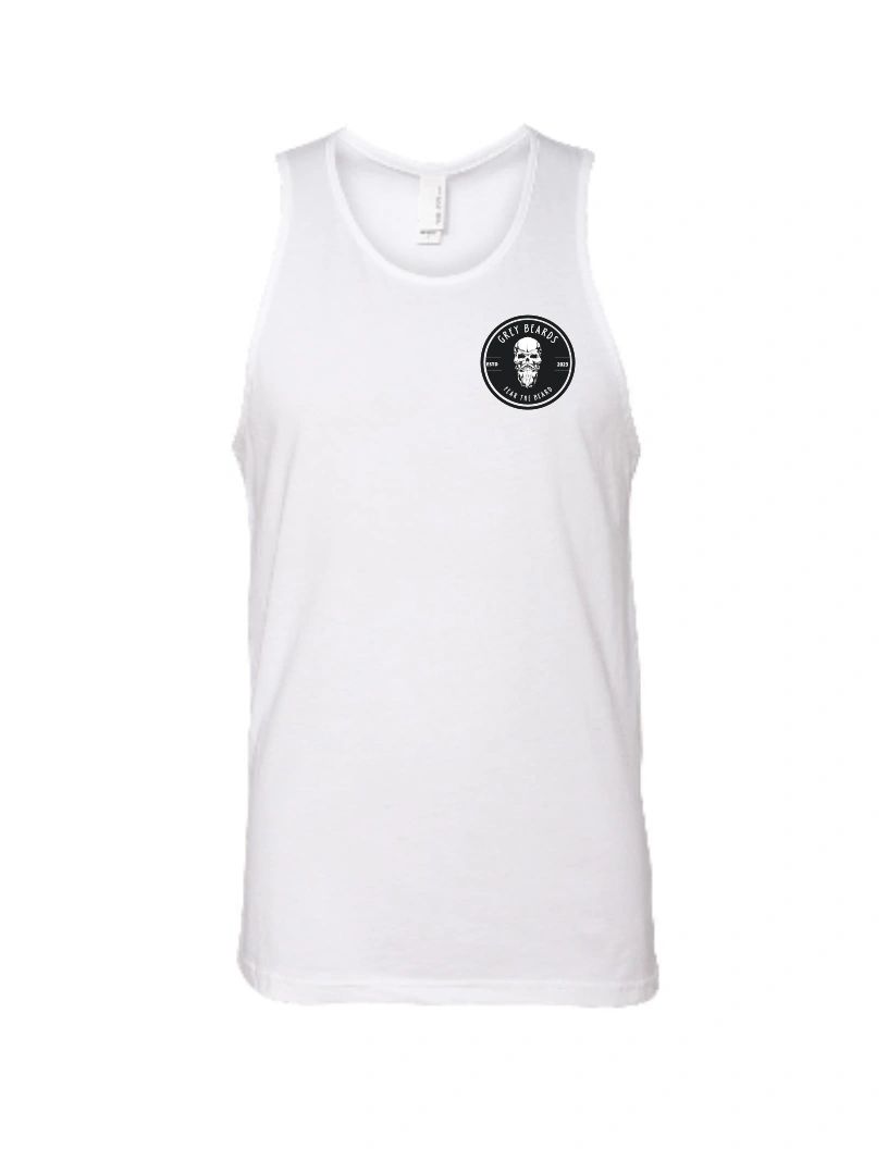 The Grey Beards Fear the Beard Tank Top keeps it simple and keeps it real. Our circular skull crest with “Fear the Beard” and “ESTD 2023” sits on the front — clean, bold, and unmistakable. Cut from 100% cotton Next Level fabric for a fit that breathes when the temperature rises. White on black crest, no distractions. The kind of Grey Beards shirt you throw on when the sun’s out and the attitude’s up.
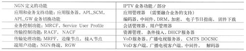 表1NGN業(yè)務功能和IPTV業(yè)務功能的關系
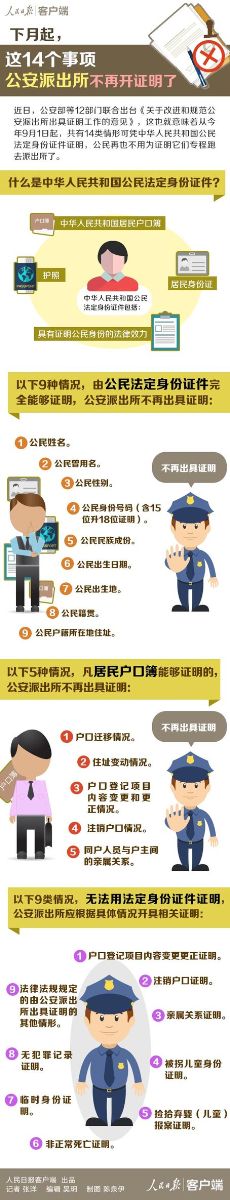 公安部等12個部門于近日聯合出臺《關于改進和規范公安派出所出具證明工作的意見》,自2016年9月1日起實施。12個部門還專門印發通知,就做好貫徹落實工作提出明確要求。 《意見》規定凡是…
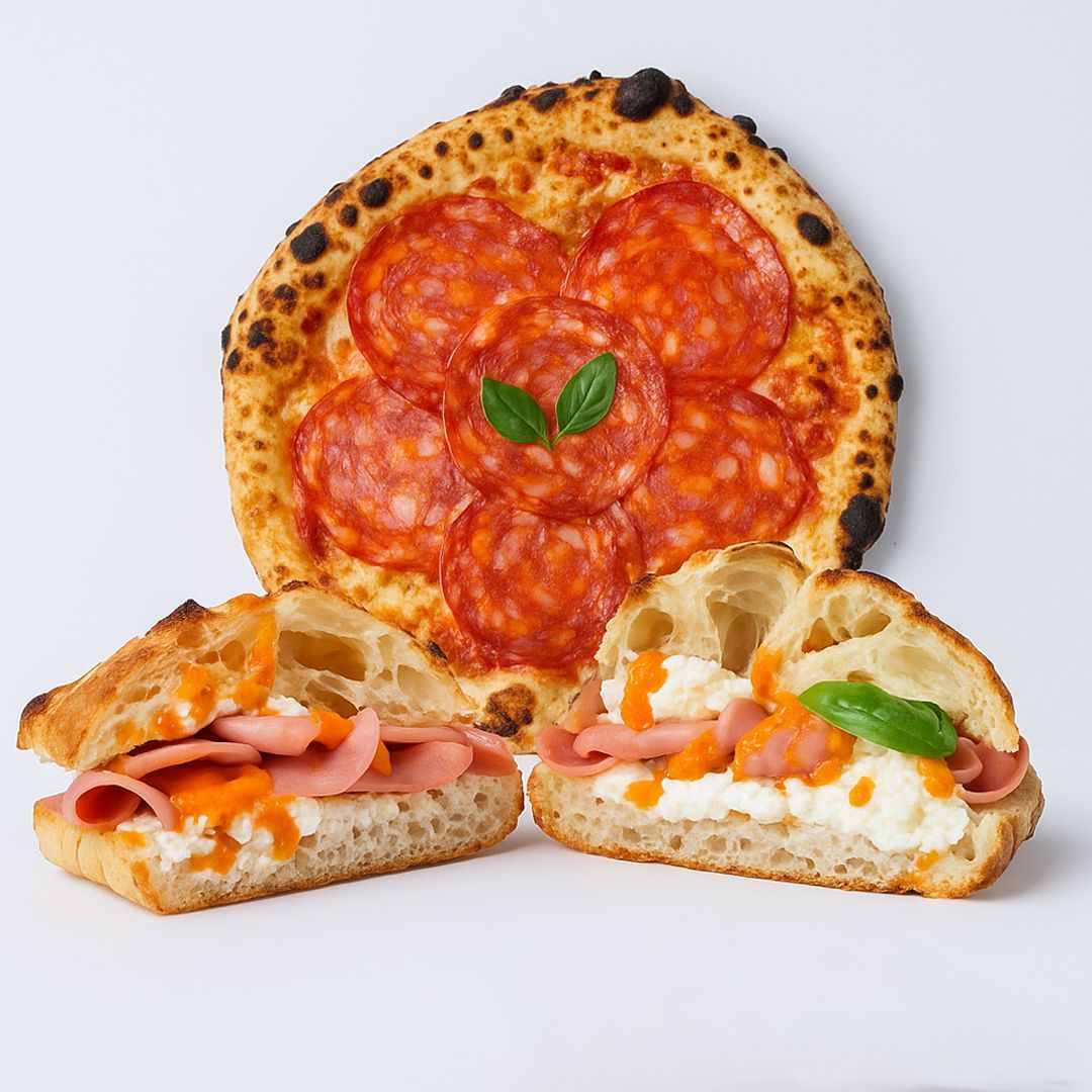 Două pizza delicioase, perfecte de împărțit sau de savurat solo. Aluat dospit lent, ingrediente fresh și gust garantat.

■ ■ ■ ■

Every line of the data above should be returned exactly, with the pictures removed.

> **REPLY TO THE TASK**
 The Grey Beards Fear the Beard Tank Top keeps it simple and keeps it real. Our circular skull crest with “Fear the Beard” and “ESTD 2023” sits on the front — clean, bold, and unmistakable. Cut from 100% cotton Next Level fabric for a fit that breathes when the temperature rises. White on black crest, no distractions. The kind of Grey Beards shirt you throw on when the sun’s out and the attitude’s up.
 表1NGN業(yè)務功能和IPTV業(yè)務功能的關系
 公安部等12個部門于近日聯合出臺《關于改進和規范公安派出所出具證明工作的意見》,自2016年9月1日起實施。12個部門還專門印發通知,就做好貫徹落實工作提出明確要求。 《意見》規定凡是…
 Două pizza delicioase, perfecte de împărțit sau de savurat solo. Aluat dospit lent, ingrediente fresh și gust garantat.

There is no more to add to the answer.